Concentration of Power and Control
Many of the critics of the Green Revolution have pointed to broader trends of increased concentration of power in a few large agribusinesses, as a result of an increased dependency on fertilizer, pesticides and other inputs (Oasa 1987; Rosset, Collins, and Lappe 2000; Shiva 1989; Spitz 1987). The industrial model of agriculture used in the West and promoted as part of the Green Revolution is linked to a tremendous concentration of farms, agribusiness and food corporations in the United States and around the world (Lyson and Raymer 2000). A few transnational firms are coming to dominate agrochemicals, seeds, pharmaceuticals and animal products around the world(Lyson and Raymer 2000). In addition to the global picture, in local regions there has been an increase in corporate control and large farm concentration. Agarwal argues that the Green Revolution increased and entrenched social inequities in India, particularly along gender lines, by focusing on technical approaches to reducing hunger and poverty, and by linking the technology to purchased inputs and access to land (Agarwal 1994; Agarwal 1997). Although the Green Revolution cannot be causally attributed with this trend, there is a high probability that there are direct linkages between the processes of the Green Revolution and a higher concentration of agribusinesses’ power and control over the food system.

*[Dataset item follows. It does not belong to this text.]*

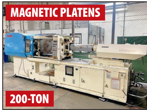
NISSEI FN4000 HYDRAULIC INJECTION MOLDER

Thus, the case studies and general discussion above suggest the following: - consumption levels may have increased for farmers, but the costs of inputs may have offset some of the yield gains and it is not clear that the yield increases would have translated into improvements in child nutrition, due to the many factors between increases in food and resources and child intake. - consumption levels of the urban poor and landless may not have increased due to a decrease in real wages and reduced purchasing power; in addition, there may have been a reduction in intake of pulses, vegetables and meat due to prices increases in these foods, which may in some cases be linked to the Green Revolution; - the Green Revolution may have increased inequalities in communities due to increased mechanization and decreased labour opportunities for the poor; - there were severe environmental impacts from the Green Revolution, which have effects on consumption and nutrition for the poor. - Increased concentration of power and control over the food system is one outcome that can be linked, although not causally, to the Green Revolution.